Single-phase induction motors are widely used, due to their simplicity, strength and high performance. They are generally found in household appliances, such as refrigerators, freezers, air conditioners, hermetic compressors, laundry machines, pumps, fans, and in some industrial applications.
The known induction motors are usually provided with a cage type rotor and a coiled stator having two windings, one for the running coil and the other for the starting coil. During the normal operation of the compressor, the running coil is supplied by an AC voltage and the starting coil is temporarily supplied at the beginning of the starting operation, creating a turning magnetic field in the air gap of the stator, a necessary condition to accelerate the rotor and start the motor.
This turning magnetic field can be obtained by supplying the starting coil with a current that is time-displaced in relation to the current circulating in the main coil, preferably at an angle close to 90 degrees. This time-displacement between the current circulating in both coils is achieved by constructive characteristics of the coils or by installing an external impedance in series with one of the coils, but generally in series with the starting coil.
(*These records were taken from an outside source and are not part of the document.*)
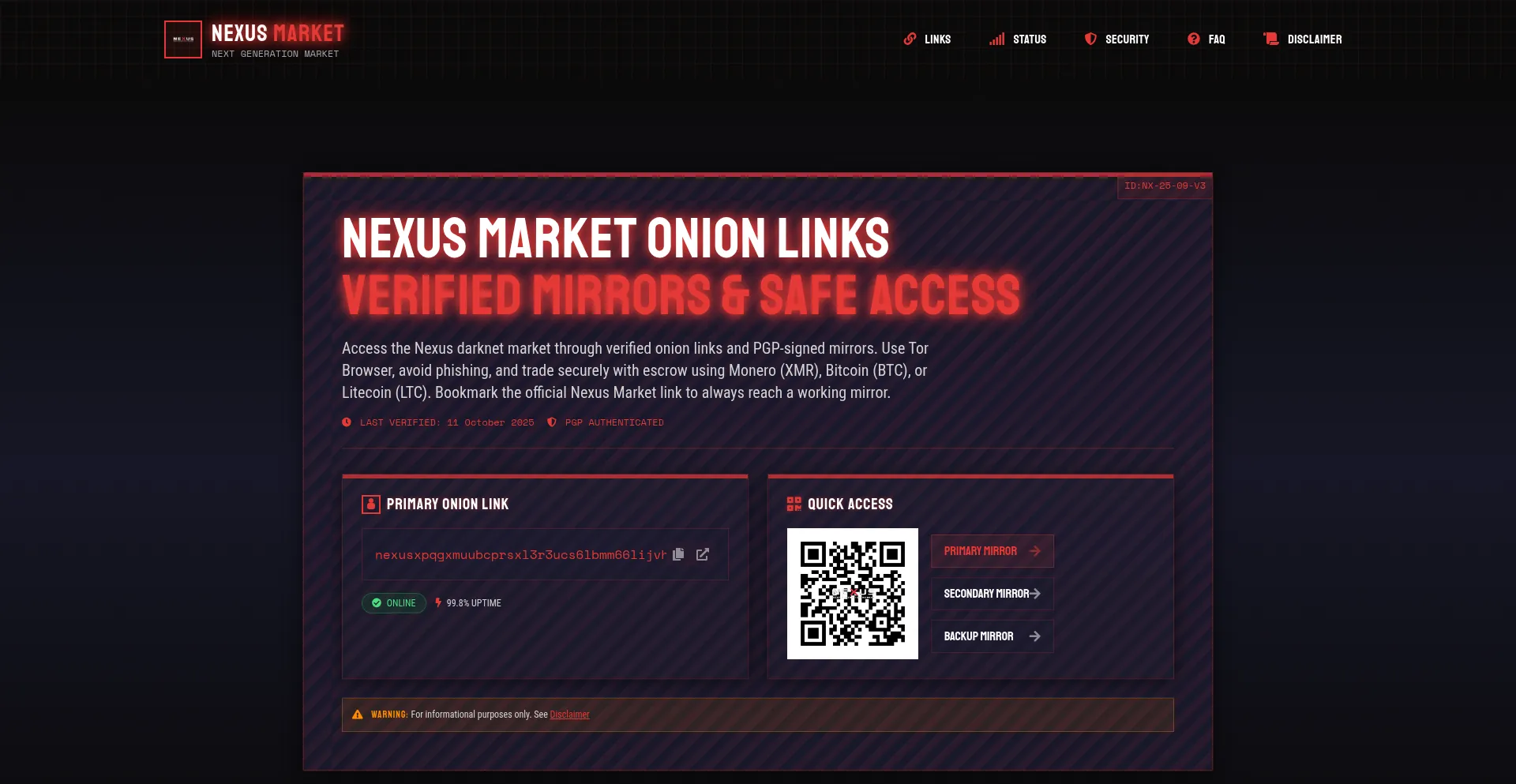 Access Nexus Market safely with verified onion links. Updated mirrors, PGP verification, uptime status, and darknet security tips.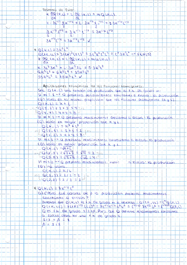 - Definición de función homogénea y teorema de Euler - Aplicaciones económicas de las funciones homogéneas - Propiedades de las funciones homogéneas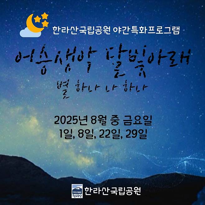 제주도 세계유산본부 한라산국립공원관리소(소장 홍승지)가 8월 야간 특화 탐방 '어승생악 달빛 아래, 별 하나 나 하나'를 처음 선보인다.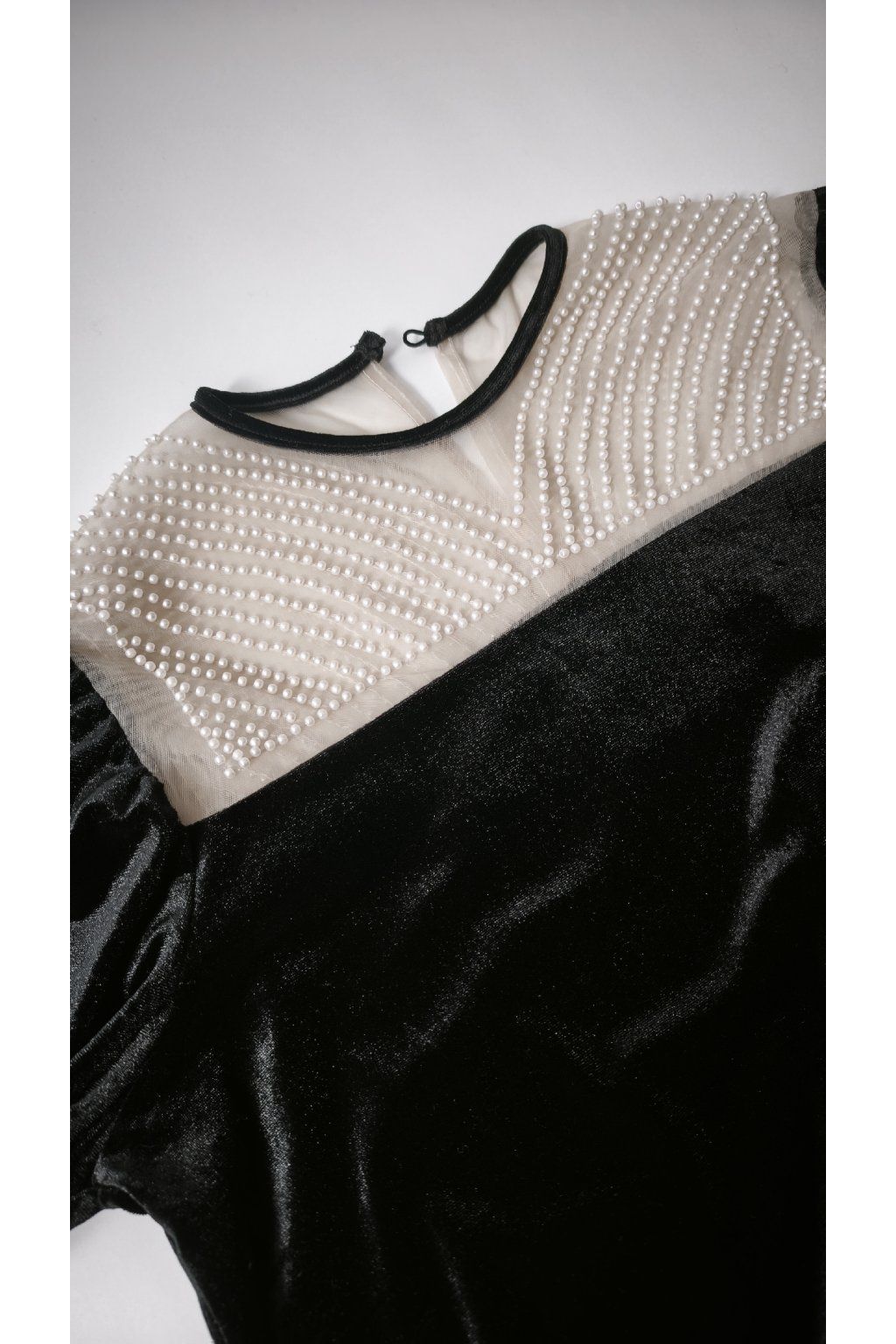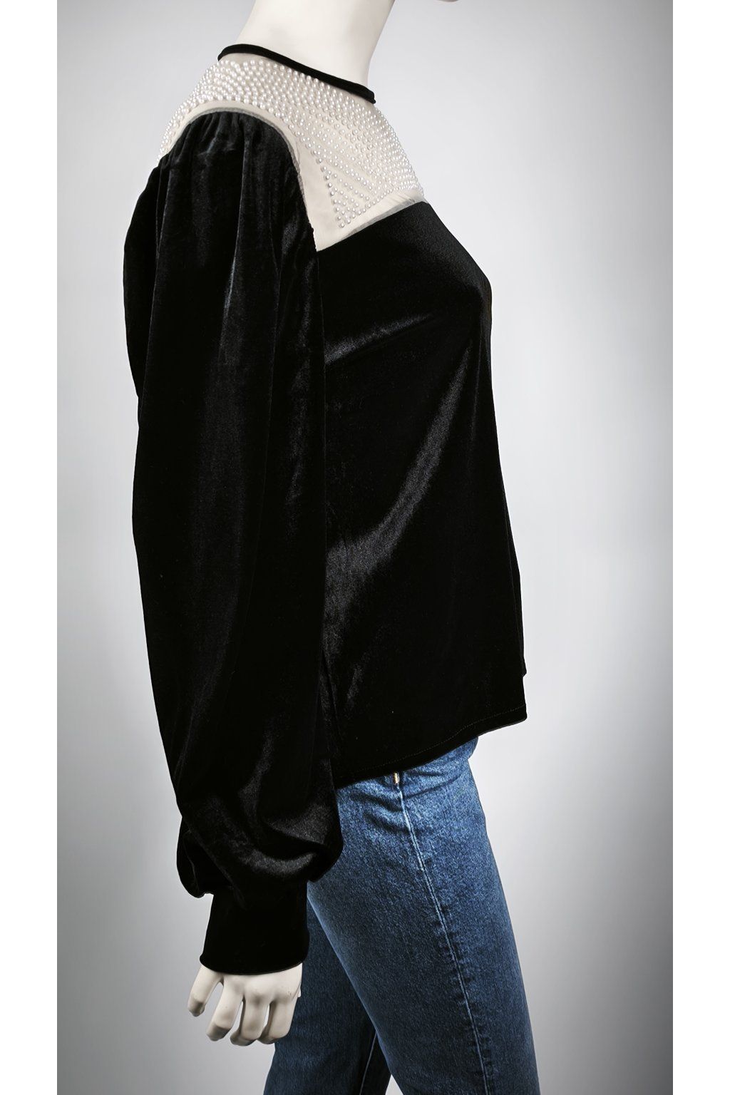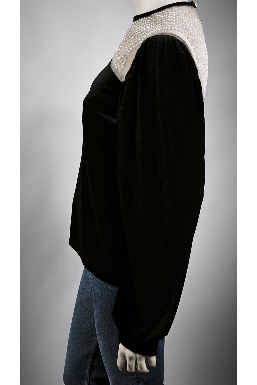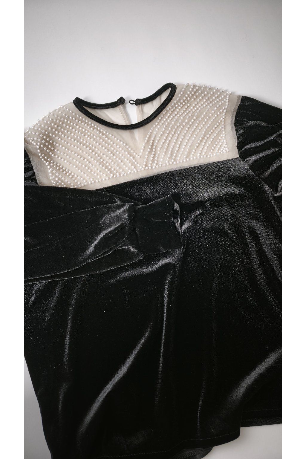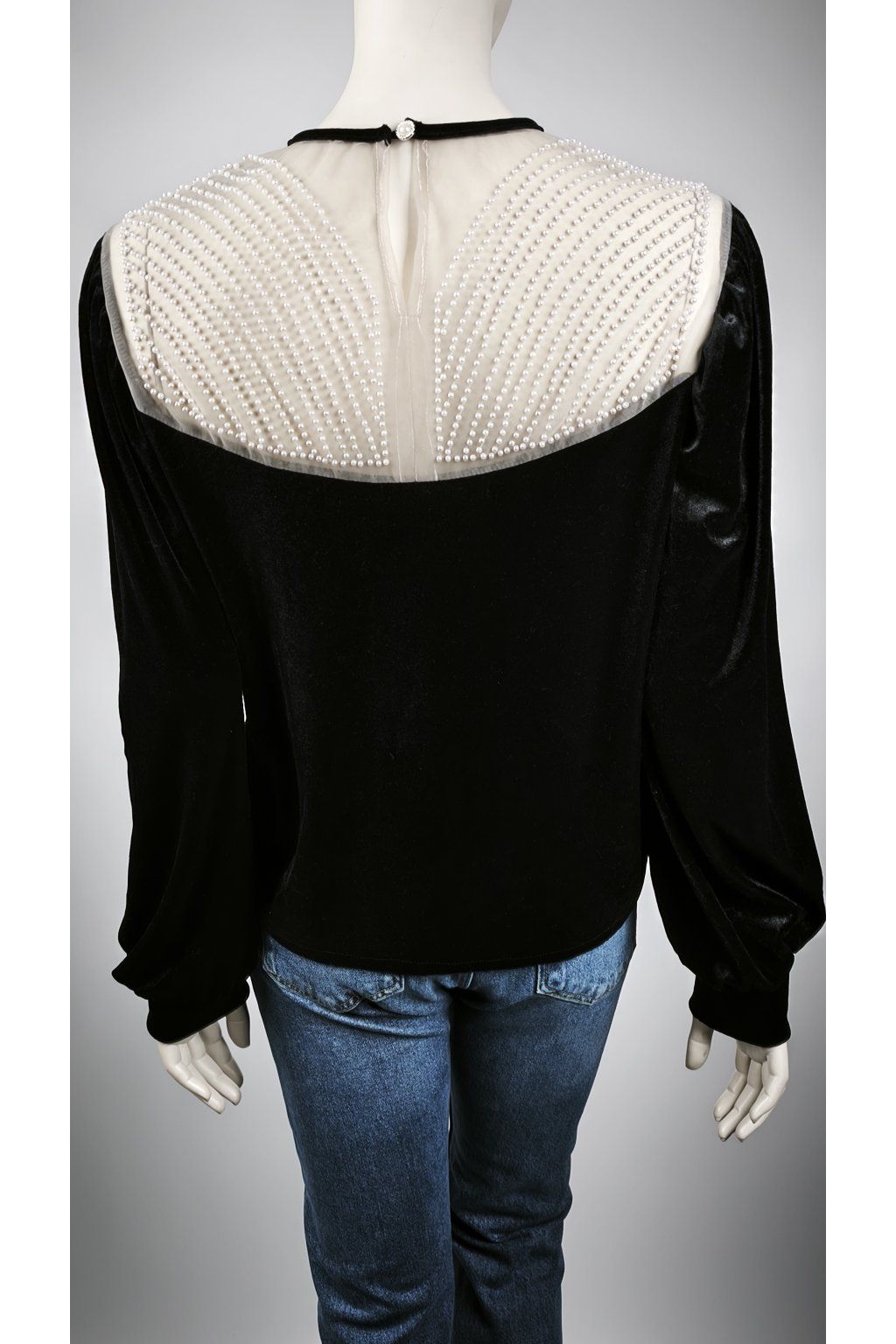 Elegantný čierny sveter s jemnými perličkami a zamatovým vzhľadom.

The value of this current circulating through the starting coil during the starting process of the motor is generally high, requiring the use of some type of switch which can interrupt this current after the time required to promote motor acceleration has elapsed.
For the motors in which very high efficiency is required, this starting coil is not completely switched off after the starting period has elapsed and a capacitor, namely a running capacitor, is maintained connected in series with said starting coil, providing enough current to increase the maximum torque of the motor and its efficiency.
For the motors with this construction, using a permanent impedance in series with the starting coil during the normal operation of the motor, there are known some starting devices, such as PTC, electromechanical relay, timers, or combinations in which a PTC is connected in series with a device that interrupts the passage of current after a determined time (RSP), as described in U.S. Pat. Nos. 5,053,908 and 5,051,681 and in the international co-pending patent application WO02/09624A1 of the same applicant.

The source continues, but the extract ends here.